In case I have the feeling I am in a situation like this again, I should submit an appeal to App Review.

After everything that happened, I am impressed how quickly they acted after they verified that I am the original author. They called me on the same day to apologize and clarify the situation. I appreciate that.


I think it’s a good thing Apple has this process of checking for duplicates to identify bad actors in the App Store. This definitely serves developers, but their communication could have been better. They should have pointed out ways to verify my authenticity instead of the vague messages they sent me.

Update (2023-03-08): Rob Jonson:

Next level AppStore rejection.

2019, Apple refused my attempt to release MultiMonitorWallpaper 2 as a new app.

Today, a minor update to MultiMonitorWallpaper (live since 2012) was rejected “too much like other apps I released”.

They list ‘unused MMW2’ which was never released.

6 Comments RSS · Twitter · Mastodon

I cannot wait until closed app stores are regulated away.

I cannot understand how anyone justifies the risk of developing an app for Apple’s stores. After development, Apple can simply reject the app outright. Or approve it and then reject updates. The business risk is ridiculous. The fact that non-sandboxed apps cannot be in the Mac App Store is probably the best thing Apple ever did for my mental health developing Keyboard Maestro.

Thank you for your reply. Just as we would not share information from your Apple Developer Program account with another developer, we do not share the details of apps submitted under other Apple Developer Program accounts.

Wait, what? This is not HIPAA information we're talking about here.

Schiller’s App Store leadership (am I misremembering that?) started strong, but hasn’t kept pace. Not sure about the Google conspiracy theory, and on some level protecting apps from clones is certainly a good thing, but that the situation is bad enough someone could non-ironically float that Google-plant theory shows what kind of morass the Store remains.

Update from Lucas (https://post.lurk.org/@lucas/109945115261748117): the day after Pagi was accepted in the App Store.

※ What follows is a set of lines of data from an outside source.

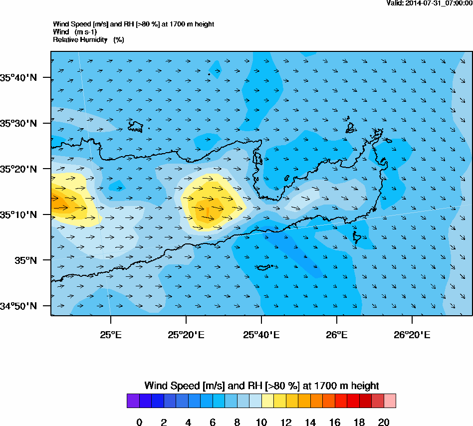 Graph 5: arw025.png - Wind Speed [m/s] and RH [>80%] at 1700 m height
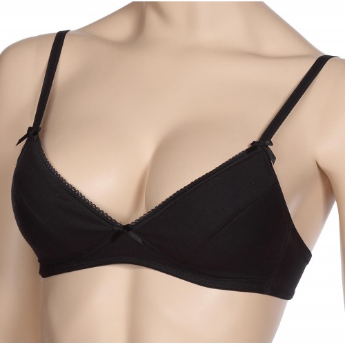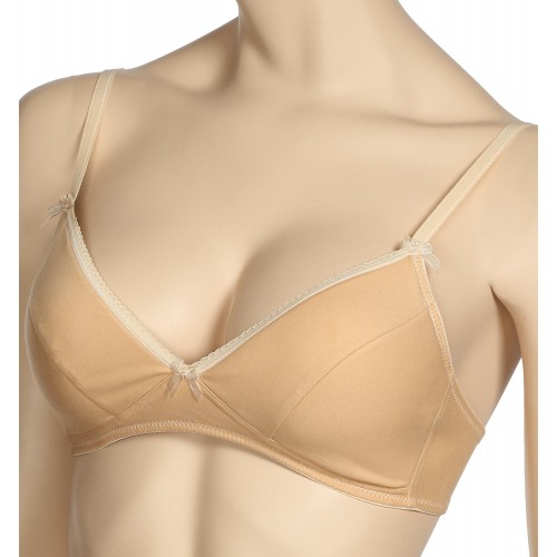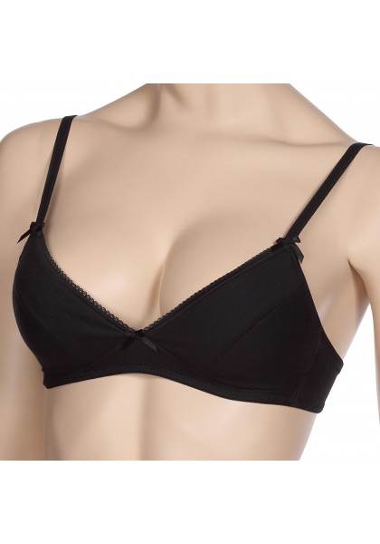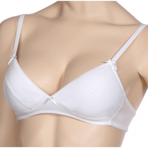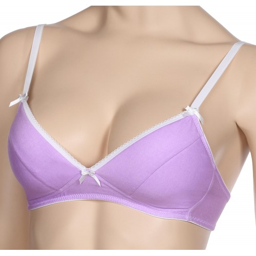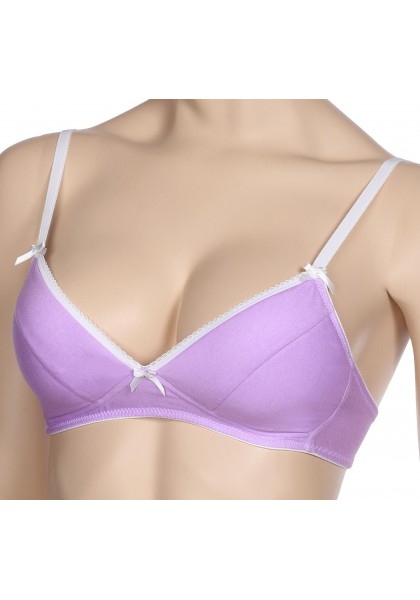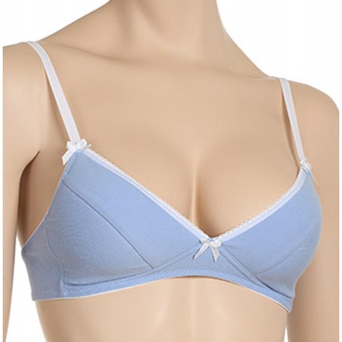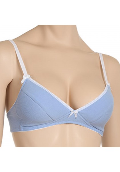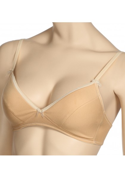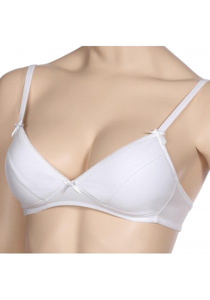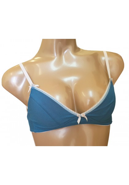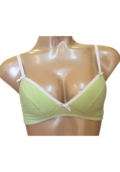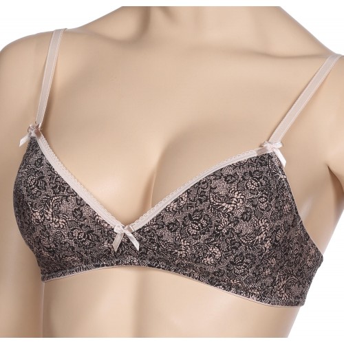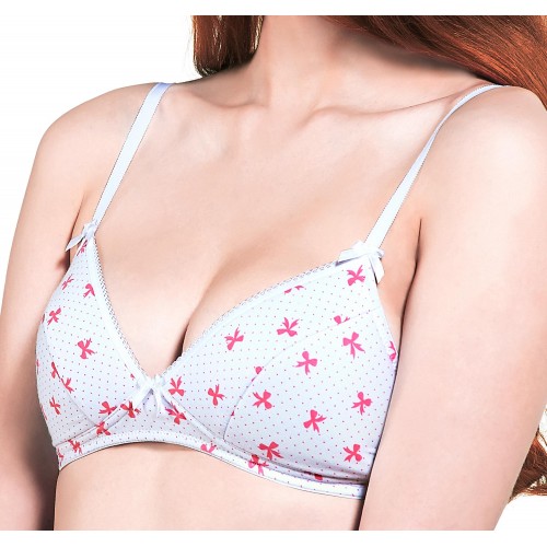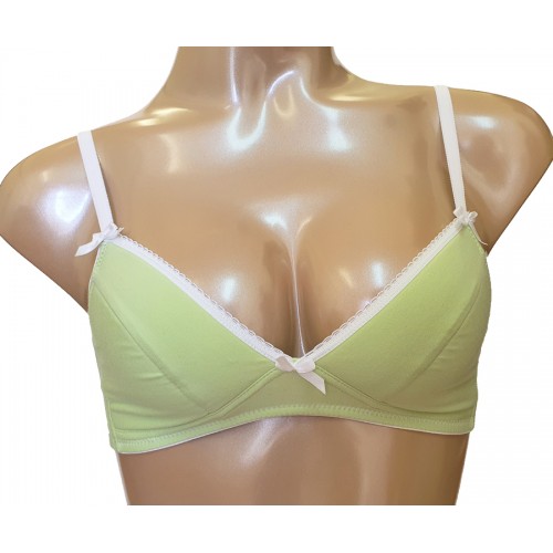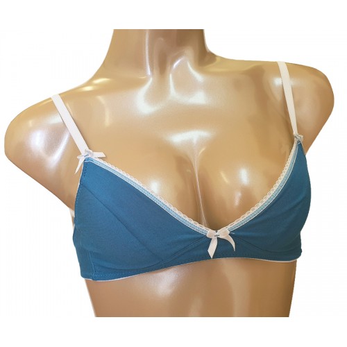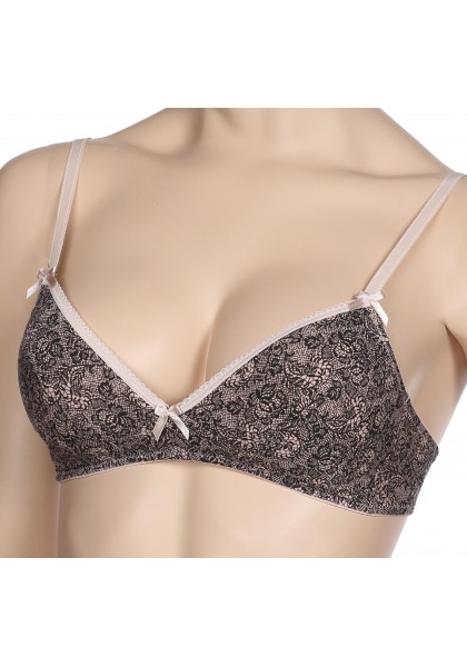 Бюстгальтер из хлопчатобумажного принтованного трикотажного полотна с полиуретаном. Чашка состоит из двух деталей на дублированном полотне. Бретель эластичная с регулятором длины. Застежка сзади на крючки и петли. Декоративная отделка- три милых бантика.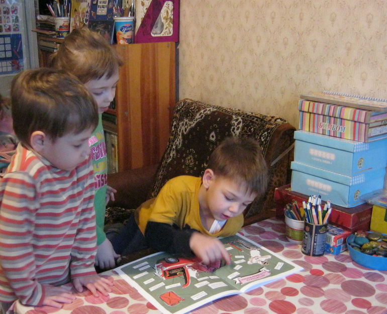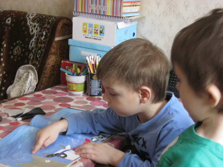 Книга сразу же пошла в ход, мы ее открыли, разглядели прочитали, выполнили все задания, ответили на все вопросы. Мика при этом очень хорошо ориентируется. нисколько не уступая сообразительному Максиму по скорости мышления и внимательности. По праву первооткрывателей они брали ее чаще остальных и подолгу зависали над книгой.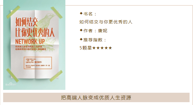 每個人都希望自己的學(xué)習(xí)、生活圈中能接觸到那些比自己更優(yōu)秀的人,讓自己變得更優(yōu)秀。而實際上并非如人所愿,每天在期望著卻并未去行動,最終只會讓自己離優(yōu)秀越來越遠。并且悔恨時間過的太快,卻從未好好反思如何利用好當(dāng)下自己的亮點,及時抓住機會時刻關(guān)注可以與優(yōu)秀的人結(jié)交機會,亦或者不斷提升自己的各方面能力,讓自己變的更優(yōu)秀.我們在日常的人脈搭建中,時常會進入“不敢”“不愿”“不會”的三大誤區(qū),是什么情況又該如何解決呢?不敢,是因為我們不夠自信,特別是向上結(jié)交。常常認為別人比我們優(yōu)秀的多,我們不敢開口,錯失機會。那就是要解決我們不自信的問題,如何讓自己變得自信,這是一個大話題。可針對我們不自信的方面(口語表達、邏輯分析等)找出自身的原因,并找到解決的方法。另外這本書,我比較深刻的地方是,一個人不管是事業(yè)的成功還是生活的歡樂,80%歸因于和別人相處,20%才是來自自己的心靈。我也像作者康妮提到那樣一類人一樣,在手機通訊錄里躺著很多聯(lián)系人名字和號碼,有好多我真的想不出都是誰,長什么樣子,包括朋友圈一樣,這些聯(lián)系人都是我們?nèi)粘?梢跃S護或者找到學(xué)習(xí)亮點的人。通過這本書的學(xué)習(xí),讓我認識到,一定要學(xué)會管理自己的聯(lián)系人,使他們成為自己的深度好友,還要學(xué)會連接優(yōu)秀的人,不過,了解結(jié)交更優(yōu)秀的人的方法和技巧,只是改變的第一步。要想成為人脈達人,還要在實際生活中刻意練習(xí),及時總結(jié)經(jīng)驗教訓(xùn)。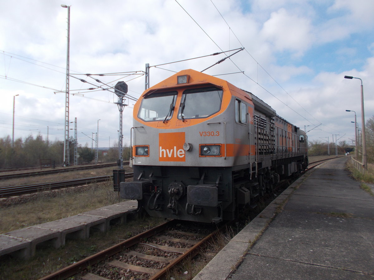 Der hvle Tiger V330.3 stand,am 17.April 2017,am Bahnsteig in Mukran.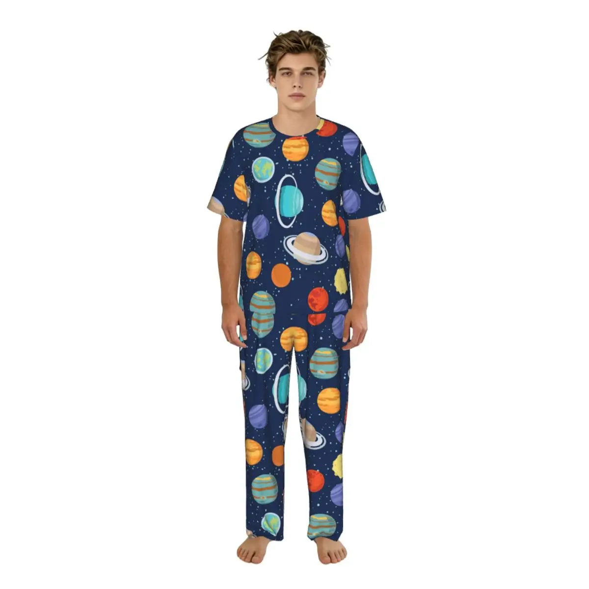 Ensembles de pyjamas décontractés pour hommes, ensembles à manches courtes et pantalons, vêtements de nuit pour hommes, astronaute, Terre, Saturne, fusées et étoiles, vêtements de maison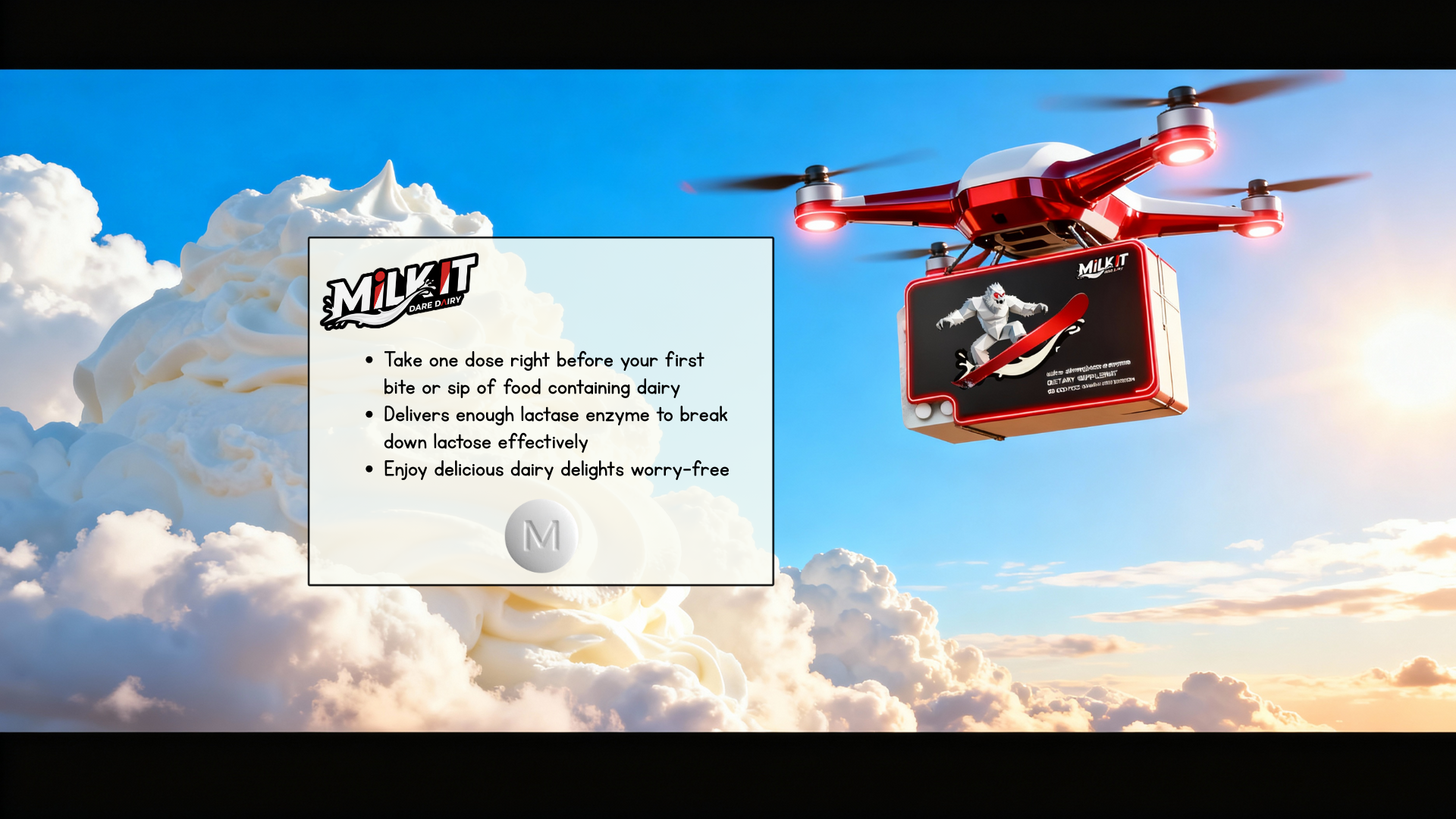 A single Milk It pill before that first delicious bite of dairy delivers the confidence to conquer any milky meal. In comfort.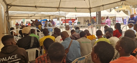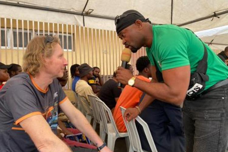 Zwischenzeitlich war Klaus aus Dänemark eingetroffen, der von Frankfurt über Doha mit Qatar Air geflogen war. Eigentlich wollte er mit Lufthansa von Billund nach Frankfurt fliegen. Aufgrund des Lufthansa-Streiks reiste er stattdessen mit dem Auto nach Frankfurt und brauchte jetzt auch dringend Schlaf. Für uns ging es nach dem Frühstück mit einem Uber-Taxi – an die Sammeltaxis in Kleinbussen, die immer mit offenen Türen fuhren, trauten wir uns nicht ran – zur Startnummernausgabe in ein Stadion in der Innenstadt. Im Nebenstadion (Basket- oder Volleyball) war ein großes Zelt mit Stuhlreihen aufgestellt, auf denen die Läufer warten, bis sie an der Reihe waren, um an den Tischen ihre Startnummer und ihr Veranstaltungslaufhemd zu bekommen. Das System funktionierte: immer wenn vorne jemand an den Tresen ging, rutschte die ganze Truppe einen Stuhl weiter. Wir haben in einer knappen Stunde nur einen Vordrängler (ganz wichtig mit Gucci-Sonnenbrille, Anzughose und Oberhemd) erlebt, alle anderen haben sich hinten eingereiht und geduldig gewartet. Zurück im Hotel weckten wir Klaus und gingen bei Domino’s Pizza essen. Bezahlen konnte man nur bar oder mit einer lokalen Bankkarte – Kreditkarten funktionierten nicht. So waren wir immer auf der Suche nach Geldautomaten „on duty“, die auch noch mit Geld geladen waren. Erschwerend konnte man höchstens Bargeld im Wert von 3,60 EUR ziehen. Das war der Preis von einer Pizza. Entsprechend häufig waren wir an dem Automaten. Am Abreisetag (Sonntag) mussten wir 8 Automaten probieren, bis uns einer endlich 11 abgegriffene alte (produziert vor der Geldumstellung im Feb 2023) Scheine ausspuckte, um die Wasserflaschen im Hotel zu bezahlen. That’s Africa 2.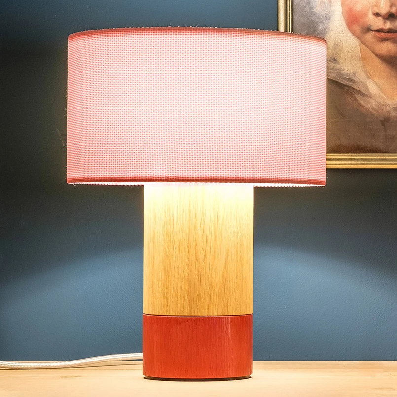 Klippas Formgebung beschränkt sich auf unterschiedlich breite, stehende Zylinder und wirkt dadurch klar und aufgeräumt. Die farbliche Gestaltung der Tischleuchte steht dazu in deutlichem Kontrast. Zu dem Fuß aus hellem Eichenholz gesellen sich ein korallenroter Sockel sowie ein Chintz-Schirm in Puderrosa. Mit dieser mutigen Farbkombination fällt Klippa sofort ins Auge. Ein in das Kabel integrierter Handdimmer ermöglicht die Anpassung der Lichtleistung.

The 'unfair rejection - make noise and raise awareness - app is approved' process worked once again. But what a joke App Review is.

If someone stole his publicly shared code and submitted it, then I think the rejection was the right move.

Just as resorting good version, and removing the stolen one is the right move.

In this case the one possible shit move is that it seems like you still have to make a ruckus in public to get things done

chris brandow

fwiw, it looks like the Pagi case has one of the better resolutions I've seen for these kinds of cases. Doesn't excuse the initial opacity, however.